§ Listed entries
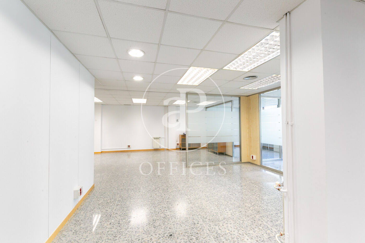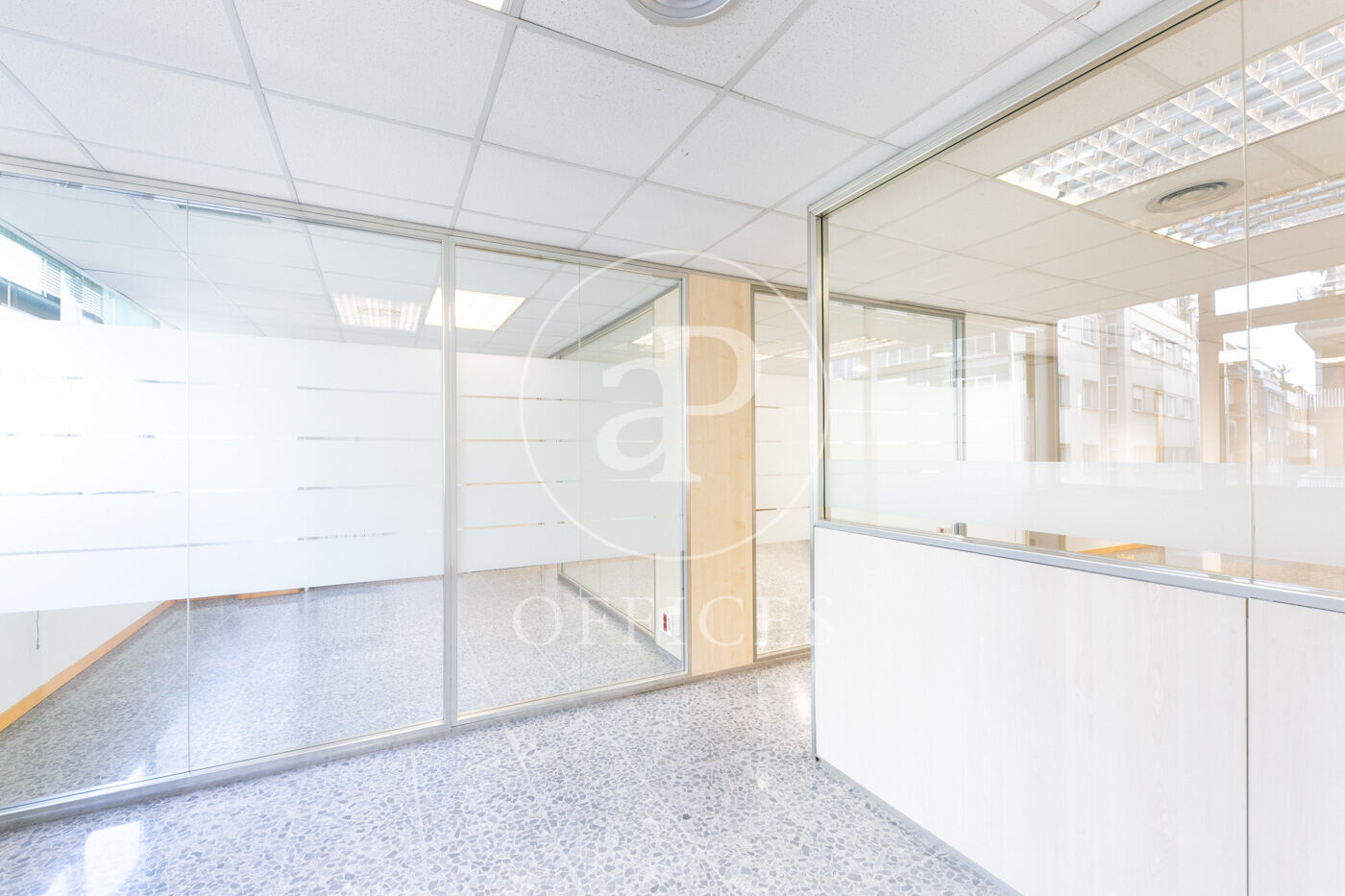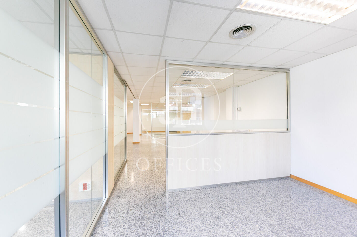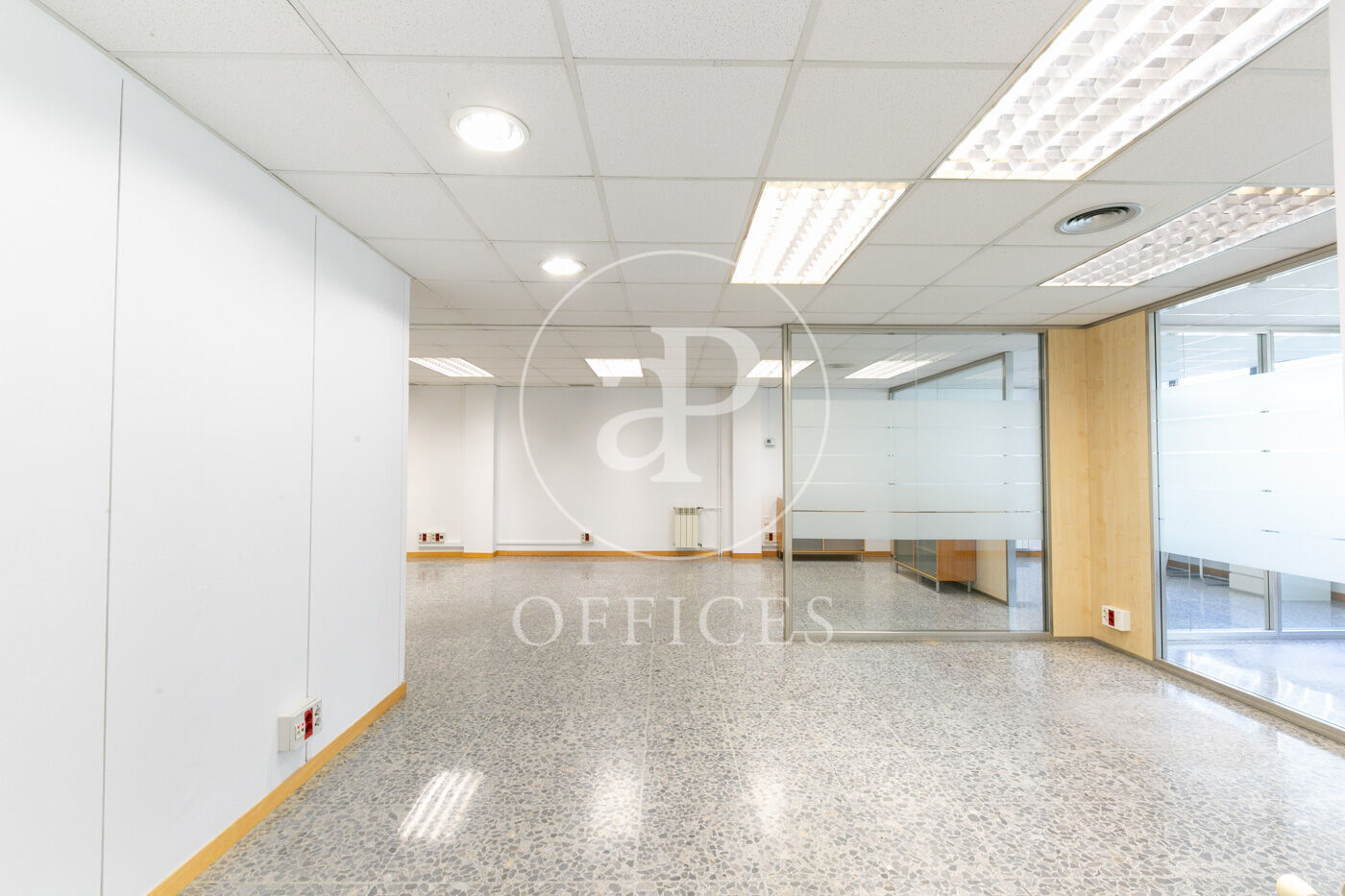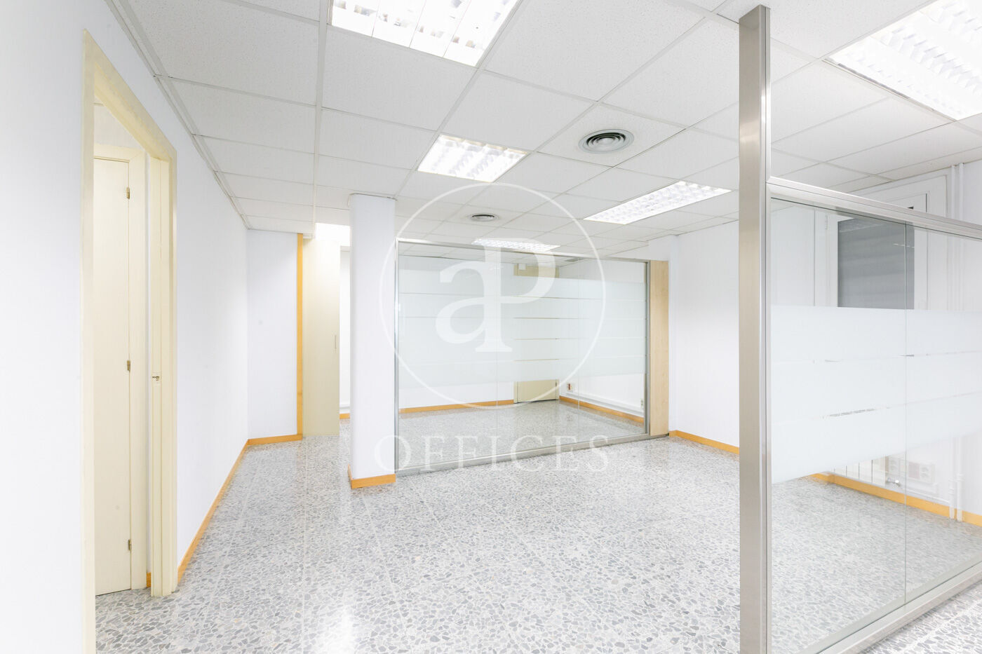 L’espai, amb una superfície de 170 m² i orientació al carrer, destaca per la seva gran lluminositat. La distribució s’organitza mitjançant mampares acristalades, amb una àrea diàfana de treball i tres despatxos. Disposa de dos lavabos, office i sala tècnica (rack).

...

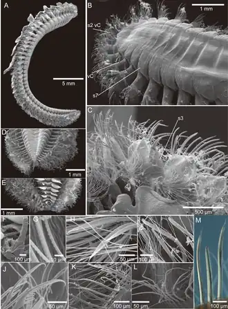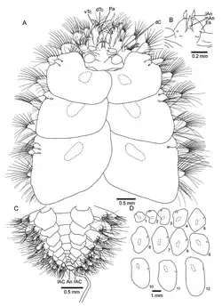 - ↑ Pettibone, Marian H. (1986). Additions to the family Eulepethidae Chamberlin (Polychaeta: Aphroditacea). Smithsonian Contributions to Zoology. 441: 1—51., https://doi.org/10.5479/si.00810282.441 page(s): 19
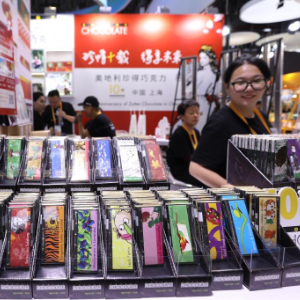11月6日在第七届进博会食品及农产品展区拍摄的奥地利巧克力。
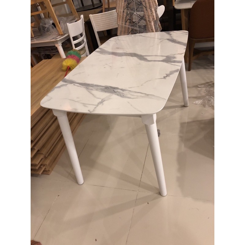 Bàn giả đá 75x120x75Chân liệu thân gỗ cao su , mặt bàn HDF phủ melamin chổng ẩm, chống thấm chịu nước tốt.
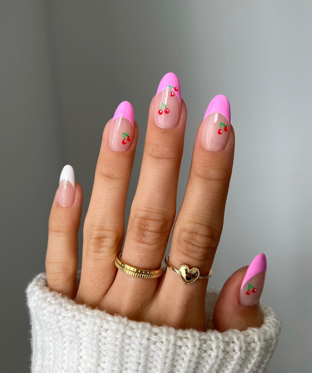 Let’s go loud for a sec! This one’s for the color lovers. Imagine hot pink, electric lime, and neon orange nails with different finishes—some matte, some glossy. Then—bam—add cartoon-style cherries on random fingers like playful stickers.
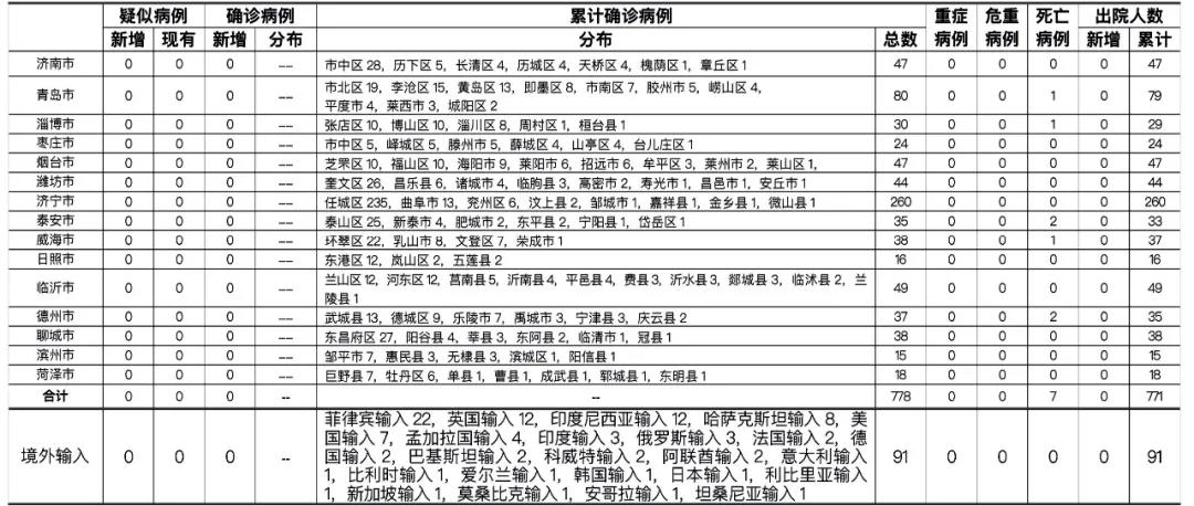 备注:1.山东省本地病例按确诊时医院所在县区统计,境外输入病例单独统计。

* * *

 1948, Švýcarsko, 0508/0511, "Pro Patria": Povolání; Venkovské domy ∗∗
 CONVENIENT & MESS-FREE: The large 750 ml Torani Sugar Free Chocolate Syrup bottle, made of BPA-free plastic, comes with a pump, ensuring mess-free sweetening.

§ Exercise objective
The output is the stretch above from the line with "- ↑ Pettibone, Marian" through the line with "备注:1.山东省本地病例按确诊时医院所在县区统计,境外输入病例单独统计。", copied word for word with both ends kept and every picture dropped.

§ Exercise output
 - ↑ Pettibone, Marian H. (1986). Additions to the family Eulepethidae Chamberlin (Polychaeta: Aphroditacea). Smithsonian Contributions to Zoology. 441: 1—51., https://doi.org/10.5479/si.00810282.441 page(s): 19
11月6日在第七届进博会食品及农产品展区拍摄的奥地利巧克力。
 Bàn giả đá 75x120x75Chân liệu thân gỗ cao su , mặt bàn HDF phủ melamin chổng ẩm, chống thấm chịu nước tốt.
 Let’s go loud for a sec! This one’s for the color lovers. Imagine hot pink, electric lime, and neon orange nails with different finishes—some matte, some glossy. Then—bam—add cartoon-style cherries on random fingers like playful stickers.
 备注:1.山东省本地病例按确诊时医院所在县区统计,境外输入病例单独统计。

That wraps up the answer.